Core Insights - Molecular Partners AG is presenting updated data from a Phase 1/2a trial of its T-cell engager MP0533 for treating acute myeloid leukemia (AML) at the 67th ASH Annual Meeting [1][2] Group 1: Trial Results - The multicenter, open-label study shows that densified dosing of MP0533 is tolerable and leads to improved serum exposure with preliminary antitumor activity [2][4] - As of September 1, 2025, 54 patients have been treated with MP0533, with 8 out of 48 evaluable patients achieving a response, including 5 reaching composite complete responses [4] - The trial indicates that patients with lower disease burden are more likely to benefit from MP0533, with 6 of 8 responders presenting with less than 20% bone marrow blasts at baseline [4][7] Group 2: Expert Commentary - Prof.
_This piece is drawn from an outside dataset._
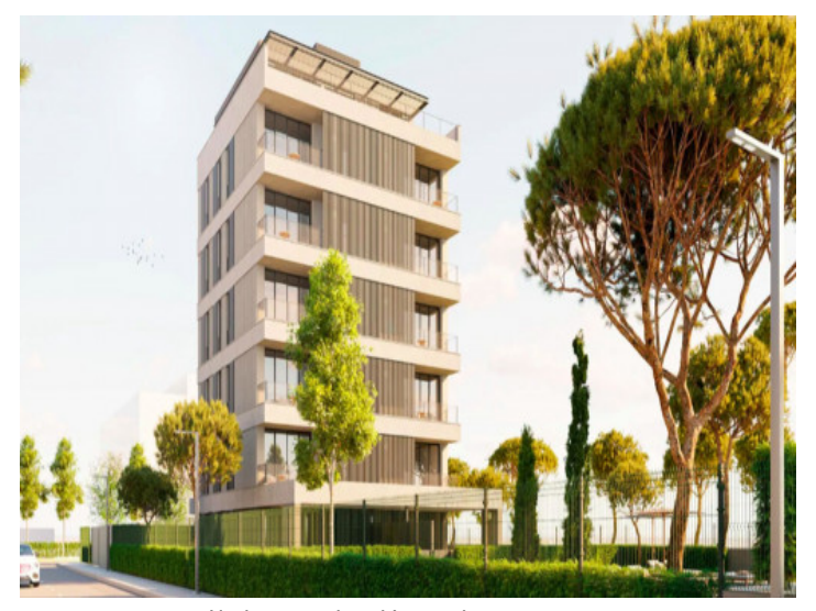
Underground parking and storage room

Courtney DiNardo expressed optimism about the clinical benefits of MP0533 in a mutation-agnostic manner for R/R AML patients, particularly those with lower disease burden [3] - Philippe Legenne highlighted the progress of the trial, noting the feasibility of the densified dosing regimen and the interest from consortia for further studies [5] Group 3: Mechanism of Action - MP0533 is a novel tetra-specific T cell-engaging DARPin that targets three tumor-associated antigens (CD33, CD123, CD70) on AML cells and the immune activator CD3 on T cells, designed to preferentially kill AML cells while minimizing damage to healthy cells [6] Group 4: Presentation Details - The poster presentation titled "Phase 1/2 study of MP0533" outlines clinical benefits with an acceptable safety profile across 9 dosing regimens, emphasizing the feasibility of accelerated step-up dosing [7][8]

Core Insights - Molecular Partners AG is presenting updated data from a Phase 1/2a trial of its T-cell engager MP0533 for treating acute myeloid leukemia (AML) at the 67th ASH Annual Meeting [1][2] Group 1: Trial Results - The multicenter, open-label study shows that densified dosing of MP0533 is tolerable and leads to improved serum exposure with preliminary antitumor activity [2][4] - As of September 1, 2025, 54 patients have been treated with MP0533, with 8 out of 48 evaluable patients achieving a response, including 5 reaching composite complete responses [4] - Six of the eight responders had less than 20% bone marrow blasts at baseline, indicating that patients with low disease burden are likely to benefit the most from MP0533 [4][7] Group 2: Expert Commentary - Prof. Courtney DiNardo expressed optimism about the clinical benefits of MP0533 in mutation-agnostic R/R AML patients, particularly those with lower disease burden, supporting further investigation in a Phase 2 setting [3][5] Group 3: Drug Mechanism and Design - MP0533 is a novel tetra-specific T cell-engaging DARPin that targets three tumor-associated antigens (CD33, CD123, CD70) on AML cells and the immune activator CD3 on T cells, designed to preferentially kill AML cells while minimizing damage to healthy cells [6][9] Group 4: Future Development - The trial is progressing well, with the densified dosing regimen showing feasibility and an acceptable safety profile, prompting interest from several consortia for further studies in both R/R and front-line AML settings [5][9]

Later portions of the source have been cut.